Dual-Polarized Massive MIMO Based on Precoding for Vehicle-To-Ground Communication in Urban Rail Transit
A novel precoding algorithm overcomes interference for faster subway communication.
Researchers from Beijing Jiaotong University have published a paper on arXiv proposing a new dual-polarized massive MIMO system designed to dramatically improve vehicle-to-ground (V2G) communication in urban rail transit (URT) tunnels. The system, which is currently under review for IEEE TVT, addresses a critical bottleneck: existing URT communication networks struggle to handle the massive data exchange required for intelligent, diversified services like real-time video surveillance, passenger information systems, and autonomous train control.

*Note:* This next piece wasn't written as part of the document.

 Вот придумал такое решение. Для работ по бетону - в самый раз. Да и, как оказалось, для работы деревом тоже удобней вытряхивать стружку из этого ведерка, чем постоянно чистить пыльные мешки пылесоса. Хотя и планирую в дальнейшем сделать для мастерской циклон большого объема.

The proposed solution is a distributed dual-polarized MIMO architecture that leverages a spatial 3D non-stationary geometry-based stochastic model (GBSM) to accurately capture the unique propagation environment of URT tunnels, including cross-polarization effects. Key innovations include a polarized-aware sparse channel estimation (PASCE) method for efficient channel estimation and a polarized-aware dynamic interference cancellation (PADIC) algorithm to eliminate interference between different polarization modes and multiple users. Closed-form expressions for MMSE and MR precoding schemes were also derived. Simulation results demonstrate that the dual-polarized precoding algorithm can withstand high cross-polarization correlation (XPC) and significantly improve V2G communication efficiency.

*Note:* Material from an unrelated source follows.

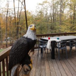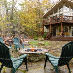 You have three private outdoor spaces to enjoy when you book the chalet. The largest is the private deck accessible by the second floor living room. It’s roomy enough for your whole group to sit outside and enjoy the outdoors, with a Weber Grill to ensure hamburgers and hot dogs for all. The second is a another deck, accessible through the lounge or front yard. And in front, you have your own fire-pit to relax and roast marshmallows after a busy day of exploring the Poconos!

- Proposes a distributed dual-polarized massive MIMO architecture specifically for URT tunnel scenarios.
- Introduces PASCE for channel estimation and PADIC for interference cancellation between polarizations and users.
- Simulations show the system can handle high cross-polarization correlation and achieve higher data rates than existing systems.
Why It Matters
This could enable reliable high-speed connectivity for smart subway services, from autonomous operations to real-time passenger data.